--- Exercise directions ---
Make an exact copy, from the records below, of the lines from the line containing "出口のドアに刻まれたのは、『射精しないと出られない部屋』というルール。" to the line containing "Колонки портативные цветомузыка", both lines included, excluding pictures.

BEGIN Source data

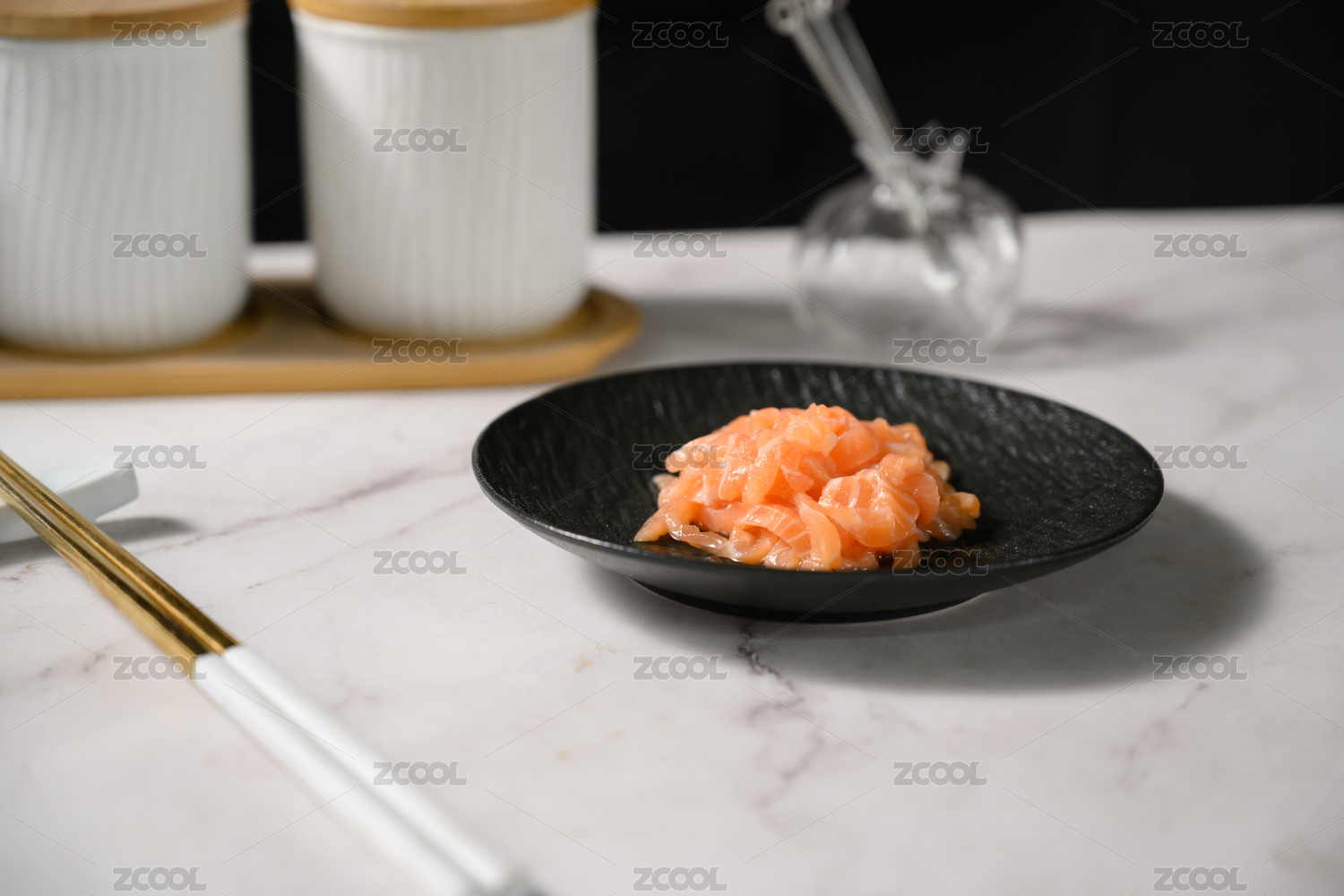 桌面上的盘子里的美味可口的三文鱼碎
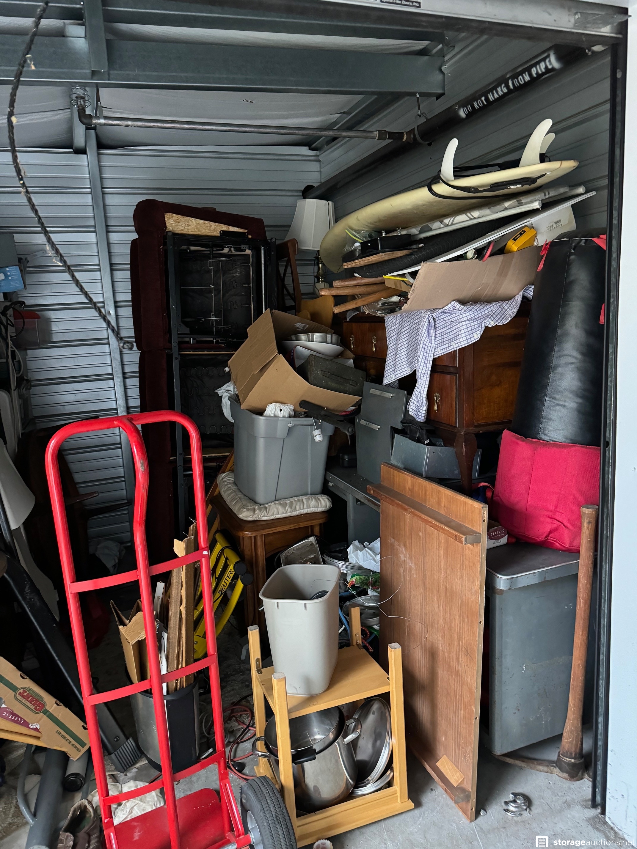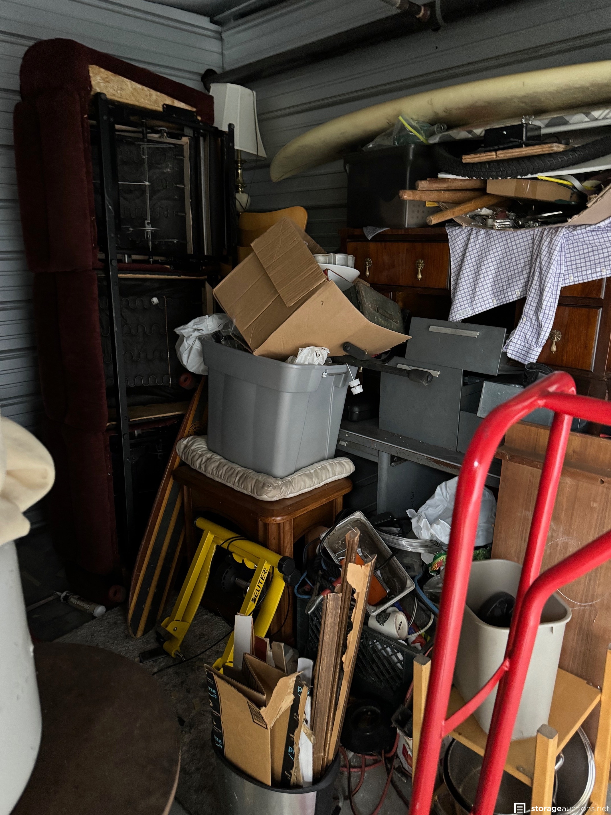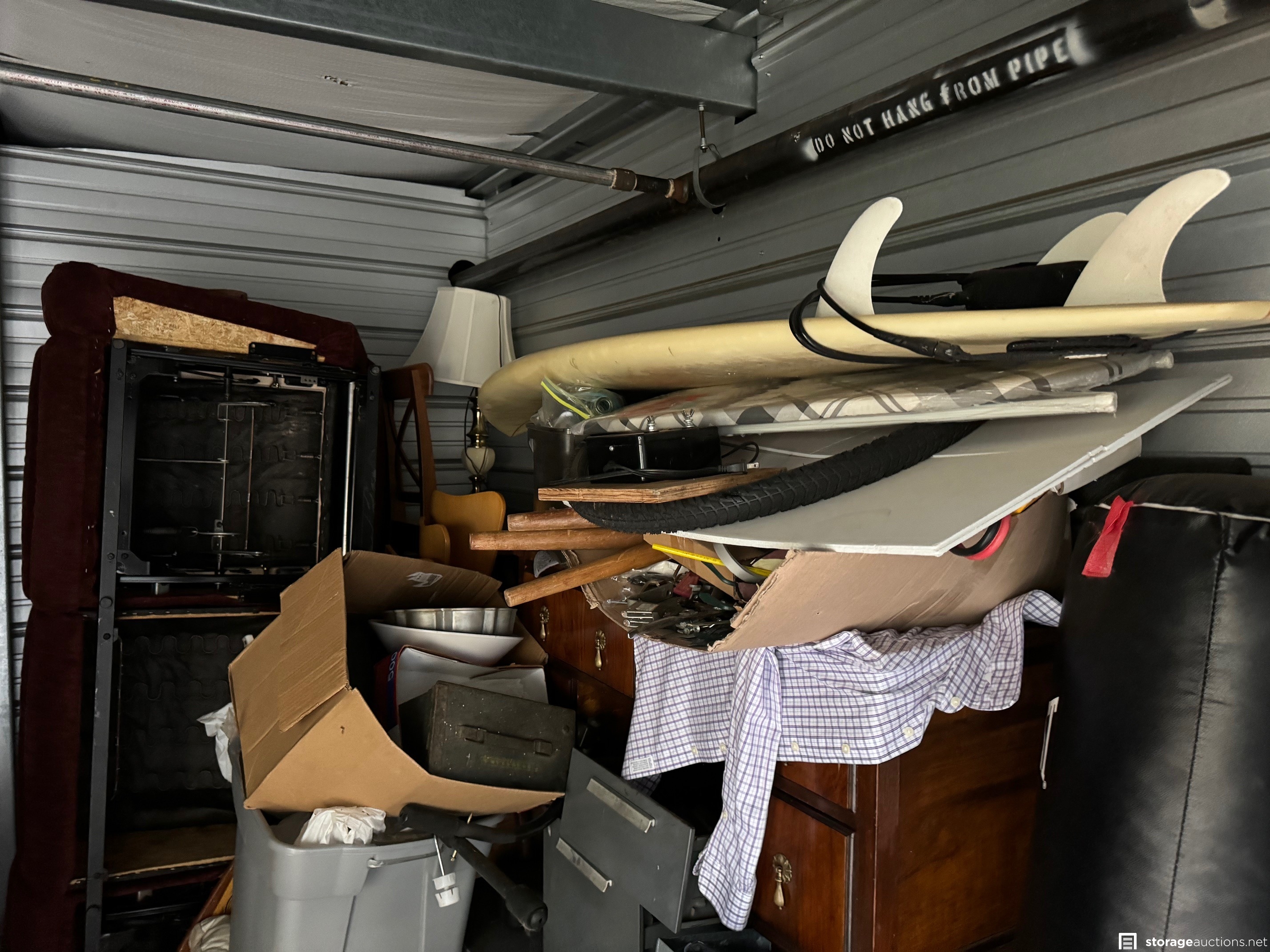 Surfboard, longboard skateboard, dolly, couch, tools, table, chairs, misc household
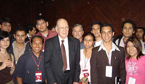 Lyndon LaRouche sammen med medlemmer af LaRouches Ungdomsbevægelse LYM i Monterrey, Mexico.
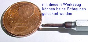 solchen Kreuzschlitz Schraubenzieher kann man auch die Schraube unter dem Gestänge ca. 1 1/2 Umdrehungen lösen. Dies ist
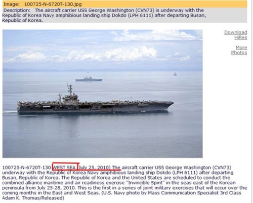 記者于7月28日再次登錄美國海軍官方網站,發現之前被標為拍攝于“西!(中國稱“黃海”)并在7月27日被刪除的照片,已經再度被上傳到網站上,而其標注的地點已經被更正為“日本海”。
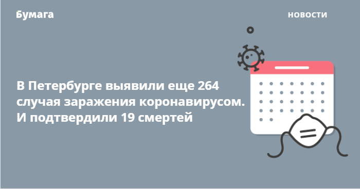 Актуальные новости о распространении COVID-19 в городе читайте в рубрике «Бумаги» «Коронавирус в Петербурге».
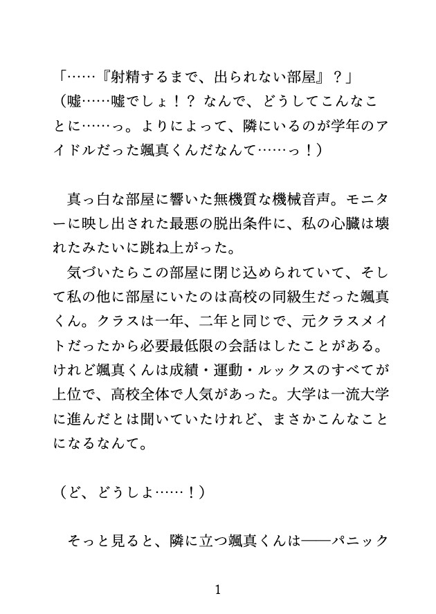 出口のドアに刻まれたのは、『射精しないと出られない部屋』というルール。
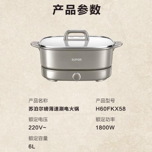 商品属性 [供应商] 上海邮乐网络技术有限公司 [属性名称] 属性值 [产品名称] 苏泊尔磅薄速涮电火锅 [产品型号] H60FKX58 [额定电压] 220V [额定功率] 1800W [额定容量] 6L
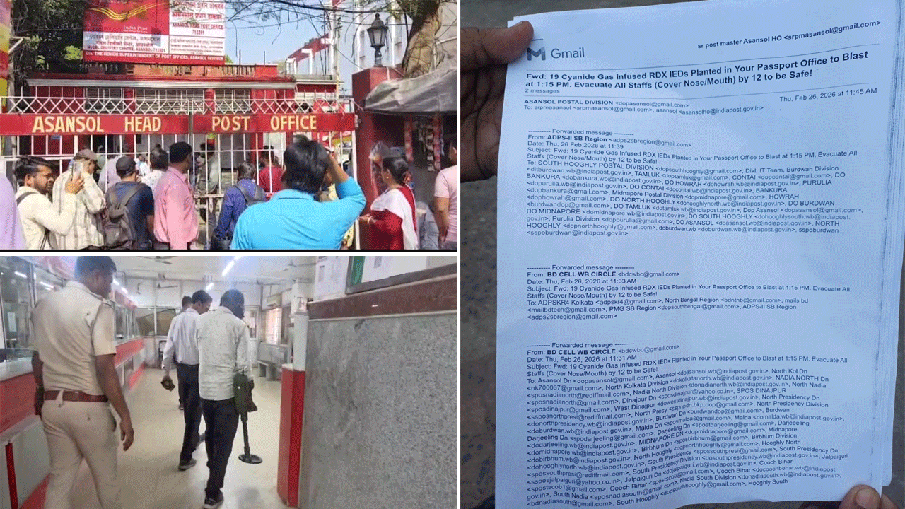 সংবাদদাতা,আসানসোল ও বাঁকুড়াঃ- আদালত চত্বরে বোমাতঙ্কের পর এবার পাসপোর্ট অফিসে বোমাতঙ্ক। পরপর দুদিন মঙ্গলবার এবং বুধবার আসানসোল আদালতে বোমাতঙ্কে হুমকির ইমেল আদালত চত্বরে আতঙ্ক সৃষ্টি হয়েছিলো। এরইমধ্যে, বৃহস্পতিবার সকালে আসানসোলের জিটি রোড বাজার এলাকার প্রধান ডাকঘর বা মুখ্য পোস্ট অফিস কমপ্লেক্সের পাসপোর্ট অফিসেও বোমা হামলার হুমকির ইমেল আসে। যা নিয়ে পোষ্ট অফিস চত্বর সহ গোটা এলাকায় বোমাতঙ্ক ছড়ায়।
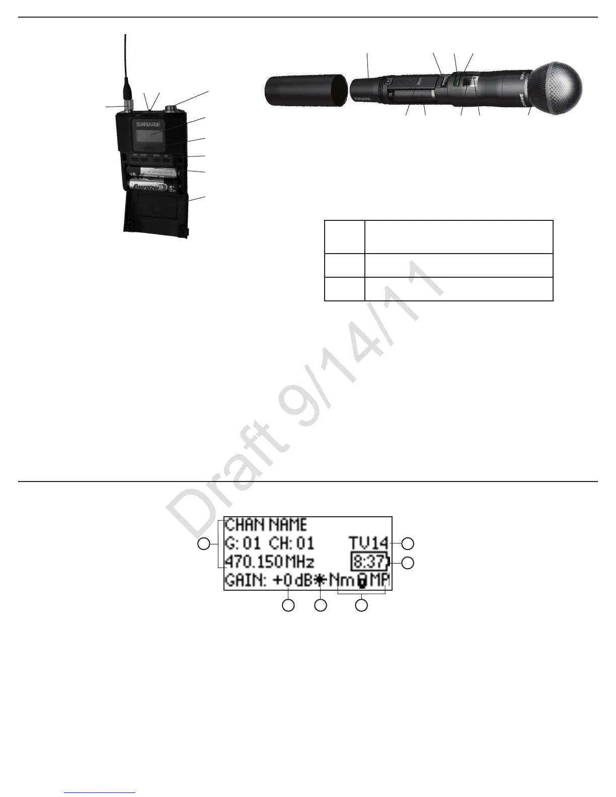 Requires Shure SB900 rechargeable battery or 2 AA batteries.
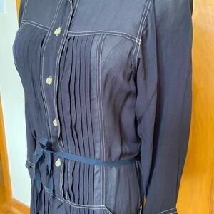Isabel Marant Etoile | Navy Blue Sheer Pintuck Long Sleeve Drawstring Dress 34
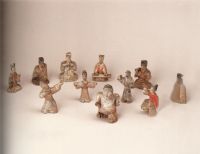 彩绘乐舞俑是在一个圆形彩绘陶盘上,塑造了二十五个人物,形态各异,栩栩如生。其中坐俑十二儿歌,站俑八个,骑俑二个,残碎三个。均为泥质灰陶,红彩勾勒衣服。
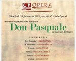 Opera Brașov vă invită sâmbătă, 20 februarie 2021, de la ora 18.30, în Sala Operei, să vă bucurați de momente reprezentative din opera bufă „Don Pasquale” de Gaetano Donizetti. Lucrarea a fost jucată pentru prima dată în istorie pe 3 ianuarie 1843, la Sala Ventadour de la Théâtre Italien din Paris și a avut un succes răsunător. „Don Pasquale” este considerată o capodoperă a genului, fiind cea mai populară dintre cele 66 de lucrări ale lui Donizetti, precum și una dintre cele mai populare opere comice italiene, celelalte fiind „Bărbierul din Sevilla” de G. Rossini și „Elixirul dragostei”, compus tot de Donizetti.
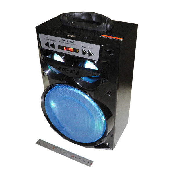 Колонки портативные цветомузыка MS-170BT Grey (bluetooth, FM, USB, TF) 270*135*180мм.
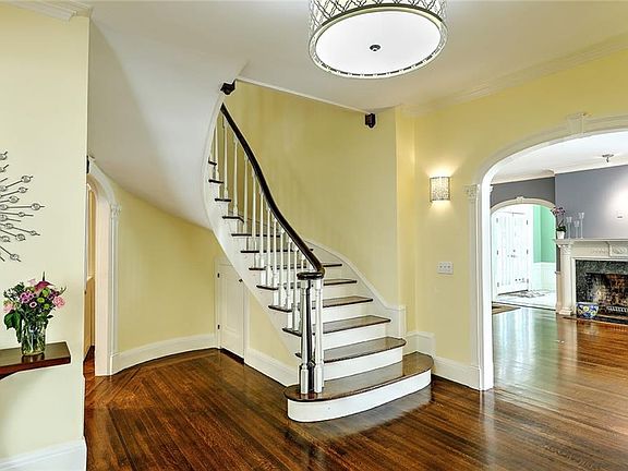 This amazing brick Georgian located in Freeman Plat is sure to be a crowd pleaser. Step into the front entry foyer with warm wood floors which extend throughout the house. Rich architectural details abound with graceful archways flanked by ornately carved woodwork and lovely leaded glass windows. The grand living room has a fireplace with an elegant mantle with Grecian Columns. A sunroom steps out to a lovely backyard complete with a blue stone patio and a full outdoor kitchen - the prefect backdrop for summer entertaining. Back inside, the gracious details continue in the formal dining room currently used as a family room off the large eat-in kitchen with stone counters and professional grade appliances. Upstairs the oversized primary suite has a spa like bath with jet tub, double vanity and a glass enclosed shower. A walk-in closet provides ample storage and a convenient study allows for undisturbed workspace. Two additional bedrooms with a Jack and Jill bath, plus an Au Pair suite and laundry complete the second floor. Up another flight of stairs a private guest suite with a full bath and sitting area allows ample space for visiting family and friends. The lower level has a recreation room, home gym and wine cellar. This stunning home is set in the desirable Freeman Plat neighborhood which boasts elegant homes on tree lined streets with manicured lawns, yet an easy walk or bike ride the city's public and private schools. Be home in time for Labor Day!
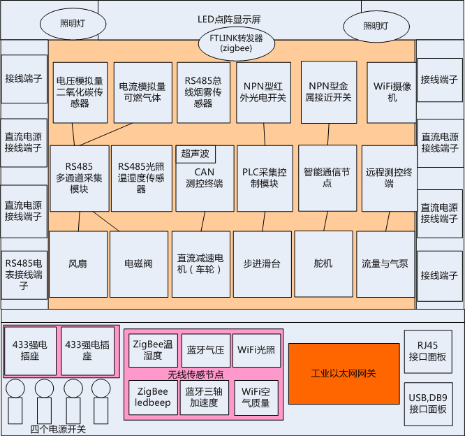實訓臺主要由工業以太網網關、無線傳感節點區、網孔實訓區、以及臺體框架(含電源接線端子、傳感器接線端子、通信接口面板等)組成。布局如圖所示:
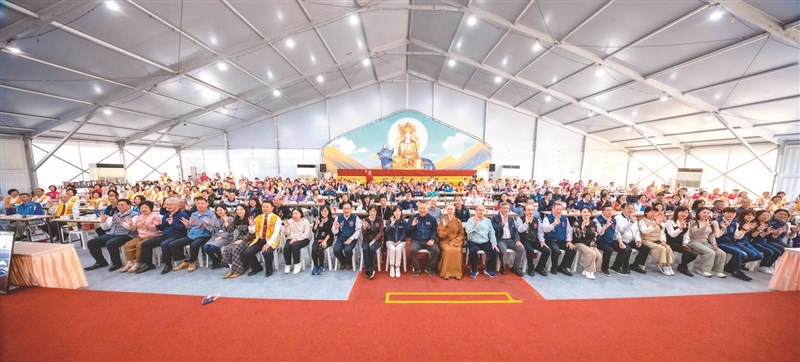 佛光山桃園講堂「區里長接心懇談會」,11日在文中路新弘法基地舉行。圖為住持覺元法師(前排左14)與桃園市府及地方區里代表逾400人合影。圖/人間社記者王英斌

END Source data

--- Answer to the problem ---
 出口のドアに刻まれたのは、『射精しないと出られない部屋』というルール。
 商品属性 [供应商] 上海邮乐网络技术有限公司 [属性名称] 属性值 [产品名称] 苏泊尔磅薄速涮电火锅 [产品型号] H60FKX58 [额定电压] 220V [额定功率] 1800W [额定容量] 6L
 সংবাদদাতা,আসানসোল ও বাঁকুড়াঃ- আদালত চত্বরে বোমাতঙ্কের পর এবার পাসপোর্ট অফিসে বোমাতঙ্ক। পরপর দুদিন মঙ্গলবার এবং বুধবার আসানসোল আদালতে বোমাতঙ্কে হুমকির ইমেল আদালত চত্বরে আতঙ্ক সৃষ্টি হয়েছিলো। এরইমধ্যে, বৃহস্পতিবার সকালে আসানসোলের জিটি রোড বাজার এলাকার প্রধান ডাকঘর বা মুখ্য পোস্ট অফিস কমপ্লেক্সের পাসপোর্ট অফিসেও বোমা হামলার হুমকির ইমেল আসে। যা নিয়ে পোষ্ট অফিস চত্বর সহ গোটা এলাকায় বোমাতঙ্ক ছড়ায়।
 Requires Shure SB900 rechargeable battery or 2 AA batteries.
Isabel Marant Etoile | Navy Blue Sheer Pintuck Long Sleeve Drawstring Dress 34
 彩绘乐舞俑是在一个圆形彩绘陶盘上,塑造了二十五个人物,形态各异,栩栩如生。其中坐俑十二儿歌,站俑八个,骑俑二个,残碎三个。均为泥质灰陶,红彩勾勒衣服。
 Opera Brașov vă invită sâmbătă, 20 februarie 2021, de la ora 18.30, în Sala Operei, să vă bucurați de momente reprezentative din opera bufă „Don Pasquale” de Gaetano Donizetti. Lucrarea a fost jucată pentru prima dată în istorie pe 3 ianuarie 1843, la Sala Ventadour de la Théâtre Italien din Paris și a avut un succes răsunător. „Don Pasquale” este considerată o capodoperă a genului, fiind cea mai populară dintre cele 66 de lucrări ale lui Donizetti, precum și una dintre cele mai populare opere comice italiene, celelalte fiind „Bărbierul din Sevilla” de G. Rossini și „Elixirul dragostei”, compus tot de Donizetti.
 Колонки портативные цветомузыка MS-170BT Grey (bluetooth, FM, USB, TF) 270*135*180мм.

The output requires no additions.